Netflix ekranlarında 15 Şubat günü Lidia Poët’in Hukuk Mücadelesi adlı dizisi yayınlandı.
Lidia Poët’in Hukuk Mücadelesi ilk sezonu 6 bölümden oluşurken dizinin yönetmenliklerini Letizia Lamartire, Matteo Rovere ikilisi üstlenirken Matilda De Angelis, Eduardo Scarpetta, Pier Luigi Pasino gibi İtalyan sineması ve dizilerinin tanınmış isimleri rol aldılar.
Dizi aslında gerçek bir öyküden yola çıkılarak hazırlanmış. Dizinin kahramanı ve diziye ismini de veren Lidia Poët 1885 yılında İtalya’nın Torino kentinde doğmuş ve iyi bir eğitim aldıktan sonra 1878 yılında Torino Hukuk Üniversitesi’ne kaydolduktan sonra 1881 yılında başarı ile mezun olmuş bir kadın.
Lidia Poët mezun olduktan sonra avukatlık yapmak istemiş ve daha ilk davasında baro tarafından kadınların avukatlık yapmasını engellemesi üzerine avukatlık yapamamış ve 1949 yılında 93 yaşında ölene kadar kadınların avukatlık yapması ve seçme, seçilme haklarına sahip olması için mücadele etmiş ama bu mücadelesinde sadece kadınların seçme hakkını aldıklarını görmüş ama kadınların avukatlık yapmasına izin veren kanunun görmeden hayatını kaybetmiştir.
Şimdi bu kadar bilgi verdikten sonra gelelim dizimize.

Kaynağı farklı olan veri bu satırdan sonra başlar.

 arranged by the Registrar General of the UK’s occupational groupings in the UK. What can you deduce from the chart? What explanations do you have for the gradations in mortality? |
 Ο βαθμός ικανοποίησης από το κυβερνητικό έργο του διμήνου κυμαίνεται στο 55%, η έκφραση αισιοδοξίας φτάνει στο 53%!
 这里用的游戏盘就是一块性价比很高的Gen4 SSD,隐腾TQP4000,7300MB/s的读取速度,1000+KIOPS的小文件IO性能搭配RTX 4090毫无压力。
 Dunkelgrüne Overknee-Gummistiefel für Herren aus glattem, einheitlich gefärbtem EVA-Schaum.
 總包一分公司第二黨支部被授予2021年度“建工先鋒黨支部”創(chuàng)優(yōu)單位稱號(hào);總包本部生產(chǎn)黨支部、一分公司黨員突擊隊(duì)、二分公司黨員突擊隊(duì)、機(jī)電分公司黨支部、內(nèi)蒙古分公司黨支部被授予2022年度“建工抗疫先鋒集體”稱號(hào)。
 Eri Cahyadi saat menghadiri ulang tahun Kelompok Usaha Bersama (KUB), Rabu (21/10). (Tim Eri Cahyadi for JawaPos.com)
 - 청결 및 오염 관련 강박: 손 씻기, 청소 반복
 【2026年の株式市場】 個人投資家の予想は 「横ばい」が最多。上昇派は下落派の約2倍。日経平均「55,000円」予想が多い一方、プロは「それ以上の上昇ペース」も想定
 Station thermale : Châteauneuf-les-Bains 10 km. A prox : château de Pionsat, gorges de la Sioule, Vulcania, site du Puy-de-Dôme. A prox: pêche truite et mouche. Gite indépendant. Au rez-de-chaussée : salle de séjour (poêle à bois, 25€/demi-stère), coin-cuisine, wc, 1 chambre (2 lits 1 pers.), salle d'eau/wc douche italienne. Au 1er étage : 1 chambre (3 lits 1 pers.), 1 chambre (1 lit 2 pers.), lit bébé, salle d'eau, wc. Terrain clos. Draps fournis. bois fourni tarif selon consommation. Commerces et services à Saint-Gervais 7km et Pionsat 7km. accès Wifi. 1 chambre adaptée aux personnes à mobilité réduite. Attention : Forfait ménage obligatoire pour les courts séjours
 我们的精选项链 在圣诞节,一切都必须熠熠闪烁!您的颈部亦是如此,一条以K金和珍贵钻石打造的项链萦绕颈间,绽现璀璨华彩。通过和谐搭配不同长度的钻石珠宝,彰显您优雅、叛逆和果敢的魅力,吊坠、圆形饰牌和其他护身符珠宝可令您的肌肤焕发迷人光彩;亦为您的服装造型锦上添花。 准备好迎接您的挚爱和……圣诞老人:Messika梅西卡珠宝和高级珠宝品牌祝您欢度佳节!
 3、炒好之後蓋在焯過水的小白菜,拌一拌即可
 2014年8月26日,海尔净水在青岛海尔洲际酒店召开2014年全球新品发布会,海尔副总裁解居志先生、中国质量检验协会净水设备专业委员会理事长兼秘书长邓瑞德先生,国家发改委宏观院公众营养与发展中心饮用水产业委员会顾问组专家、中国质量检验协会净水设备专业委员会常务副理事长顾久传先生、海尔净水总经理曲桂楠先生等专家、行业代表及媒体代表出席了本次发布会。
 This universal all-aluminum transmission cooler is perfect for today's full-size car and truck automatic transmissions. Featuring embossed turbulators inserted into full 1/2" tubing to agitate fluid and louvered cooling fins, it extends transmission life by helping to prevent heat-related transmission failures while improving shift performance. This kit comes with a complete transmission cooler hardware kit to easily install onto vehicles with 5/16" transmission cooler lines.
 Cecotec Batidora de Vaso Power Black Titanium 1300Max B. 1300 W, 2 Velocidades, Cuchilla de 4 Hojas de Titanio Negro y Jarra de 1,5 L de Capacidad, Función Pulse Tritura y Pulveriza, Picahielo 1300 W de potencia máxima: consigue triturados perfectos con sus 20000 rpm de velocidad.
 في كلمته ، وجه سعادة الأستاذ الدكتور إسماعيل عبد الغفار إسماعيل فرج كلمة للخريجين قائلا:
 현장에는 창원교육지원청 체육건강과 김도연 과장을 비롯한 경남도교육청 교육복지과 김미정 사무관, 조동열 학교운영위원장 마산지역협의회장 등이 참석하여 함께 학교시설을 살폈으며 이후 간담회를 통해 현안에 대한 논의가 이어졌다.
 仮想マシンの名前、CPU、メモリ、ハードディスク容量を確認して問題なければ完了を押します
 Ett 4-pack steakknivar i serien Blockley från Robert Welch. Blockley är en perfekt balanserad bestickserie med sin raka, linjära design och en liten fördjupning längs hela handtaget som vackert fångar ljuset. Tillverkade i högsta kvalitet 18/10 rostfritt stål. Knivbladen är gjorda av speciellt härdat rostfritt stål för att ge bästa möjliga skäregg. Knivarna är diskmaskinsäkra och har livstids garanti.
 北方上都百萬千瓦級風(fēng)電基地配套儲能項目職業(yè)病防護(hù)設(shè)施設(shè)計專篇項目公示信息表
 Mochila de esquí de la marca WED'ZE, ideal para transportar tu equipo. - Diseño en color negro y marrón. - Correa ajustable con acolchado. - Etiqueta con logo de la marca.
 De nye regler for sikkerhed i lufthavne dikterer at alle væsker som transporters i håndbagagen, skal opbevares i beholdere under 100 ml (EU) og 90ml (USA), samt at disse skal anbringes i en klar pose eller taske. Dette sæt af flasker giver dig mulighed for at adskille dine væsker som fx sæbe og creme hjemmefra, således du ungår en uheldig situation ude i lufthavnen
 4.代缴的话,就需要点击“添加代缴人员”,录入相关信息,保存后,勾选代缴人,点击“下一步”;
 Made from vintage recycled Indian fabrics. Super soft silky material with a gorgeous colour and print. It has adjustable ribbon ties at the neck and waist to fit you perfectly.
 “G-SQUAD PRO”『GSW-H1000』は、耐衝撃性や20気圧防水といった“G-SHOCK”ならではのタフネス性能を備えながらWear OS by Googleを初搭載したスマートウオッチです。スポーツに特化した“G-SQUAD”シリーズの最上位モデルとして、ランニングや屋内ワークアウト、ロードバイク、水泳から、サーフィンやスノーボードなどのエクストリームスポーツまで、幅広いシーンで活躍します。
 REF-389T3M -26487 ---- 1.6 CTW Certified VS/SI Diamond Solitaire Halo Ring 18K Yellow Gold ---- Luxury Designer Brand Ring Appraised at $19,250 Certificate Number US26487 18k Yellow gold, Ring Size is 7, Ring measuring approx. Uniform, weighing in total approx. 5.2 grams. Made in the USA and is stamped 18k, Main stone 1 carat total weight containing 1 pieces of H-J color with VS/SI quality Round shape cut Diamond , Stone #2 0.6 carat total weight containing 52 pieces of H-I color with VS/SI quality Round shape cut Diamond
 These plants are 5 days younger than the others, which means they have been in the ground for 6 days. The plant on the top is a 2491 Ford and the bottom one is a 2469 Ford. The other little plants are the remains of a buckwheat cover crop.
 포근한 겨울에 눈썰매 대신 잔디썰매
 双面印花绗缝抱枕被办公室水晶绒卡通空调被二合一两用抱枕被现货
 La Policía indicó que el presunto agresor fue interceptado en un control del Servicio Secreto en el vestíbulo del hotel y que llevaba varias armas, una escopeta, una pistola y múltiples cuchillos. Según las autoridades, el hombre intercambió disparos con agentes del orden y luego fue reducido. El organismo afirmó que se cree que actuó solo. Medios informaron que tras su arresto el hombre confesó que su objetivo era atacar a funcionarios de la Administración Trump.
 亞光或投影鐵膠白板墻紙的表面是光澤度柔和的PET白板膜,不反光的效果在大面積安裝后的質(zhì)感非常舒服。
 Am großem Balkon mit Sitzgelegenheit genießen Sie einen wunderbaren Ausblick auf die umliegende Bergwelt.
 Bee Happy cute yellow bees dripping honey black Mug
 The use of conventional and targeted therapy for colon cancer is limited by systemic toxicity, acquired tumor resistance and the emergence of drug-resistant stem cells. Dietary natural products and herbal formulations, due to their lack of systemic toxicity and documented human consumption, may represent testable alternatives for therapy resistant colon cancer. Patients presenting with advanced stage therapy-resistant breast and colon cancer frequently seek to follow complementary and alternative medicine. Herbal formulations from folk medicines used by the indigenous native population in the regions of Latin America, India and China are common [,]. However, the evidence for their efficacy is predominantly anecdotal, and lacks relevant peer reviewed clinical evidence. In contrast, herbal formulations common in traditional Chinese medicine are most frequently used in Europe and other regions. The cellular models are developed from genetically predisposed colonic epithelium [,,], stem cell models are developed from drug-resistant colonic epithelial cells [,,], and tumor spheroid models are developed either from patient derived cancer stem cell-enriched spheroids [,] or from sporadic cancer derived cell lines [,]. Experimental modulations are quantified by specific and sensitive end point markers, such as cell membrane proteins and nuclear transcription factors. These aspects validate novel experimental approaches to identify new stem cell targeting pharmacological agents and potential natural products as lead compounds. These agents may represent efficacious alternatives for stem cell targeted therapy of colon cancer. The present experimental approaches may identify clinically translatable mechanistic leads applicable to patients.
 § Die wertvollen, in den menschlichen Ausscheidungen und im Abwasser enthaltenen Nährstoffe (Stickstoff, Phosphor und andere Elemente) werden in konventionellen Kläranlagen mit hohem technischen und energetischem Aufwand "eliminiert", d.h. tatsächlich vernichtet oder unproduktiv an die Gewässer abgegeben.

Lidia Poët’in Hukuk Mücadelesi ilk sezonu 6 bölümden oluşurken ilk bölümü 52 dakika diğer bölümler ise 40 dakikadan oluşmakta. Yani boş bir gününüzde veya akşamınızda tam çerezlik bir dizi.
Oldum olası gerçek hayat öykülerinden yola çıkılarak yapılan dizi ve filmlere ilgi gösteririm. Bu dizi için övgüyle söyleyebileceğim o kadar çok şey var ki. Mesela çok başarılı bir dönem dizisi olmuş. Kullanılan mekanlar, dekorlar ve kostümler oldukça başarılı.
Dizinin her bölümü farklı bir suç dosyası içerirken diziyi izlemeye başlarken farklı bir düşünce ile başlayacaklara kısa bir spoiler vermek isterim. Dizi bir hukuk mücadelesi üzerine kurulmamış. sahip olmamasına rağmen ağabeyi sistanı olarak davalar alıyor ve bu davaları çözüyor.
Lidia Poët (Matilda De Angelis) avukatlık yapma hakkı elinden alınınca maddi zorluklar yaşar ve kendisi gibi avukat olan ağabeyi avukat Enrico Poët’in (Pier Luigi Pasino) evine sığınır. Evde ağabeyi, eşi , yeğeni ve ağabeyinin eşinin erkek kardeşi gazeteci Jacopo Barberis (Eduardo Scarpetta) yaşamaktadır.
İlk başlarda Lidia’nın ağabeyi dahi kız kardeşinin avukatlık yapmasına karşıyken dayanamayarak yanına asistan olarak alır ve aslında çok istemese de kardeşinin kendisine zorla aldırdığı davaları çözemeye başlarlar.
Evet her bölümde ayrı bir suçluyu adeta ipten alan Lidia’yı izlerken bu kızın içine Sherlock Holmes’mı kaçmış diyeceksiniz. Çünkü tüm suçlamaları adeta bir Sherlock Holmes edasıyla olayı, olay mahallini ve tanıkları inceleyerek savunuyor.
Yukarıda belirttiğim gibi dizi bir biyografik dizi hiç değil. Hukuk mücadelesi veren bir kadının mücadelesi de değil. Dizi aslında bir nevi dedektif gibi çalışan ve elinden avukatlık hakkı alınan bir kadının müvekkillerini kurtarmak için giriştiği güzel bir dedektiflik dizisi.
Neredeyse tüm oyuncular büyük bir özenle seçilmiş ve canlandırdıkları karakterlere gerçekten hayat vermişler. Amiyane tabirle oyunculukların tamamı 10 numara 5 yıldız. Bunun yanında dizinin müzikleri de harika.
Tüm bunların yanında bu diziyi izlerken bizim Türk dizileri bir an aklıma geldi. Salak salak diyaloglar ve gereksiz karelerle izleyicisini bayan dizilerden sıkılmışsanız bu dizi tam size göre.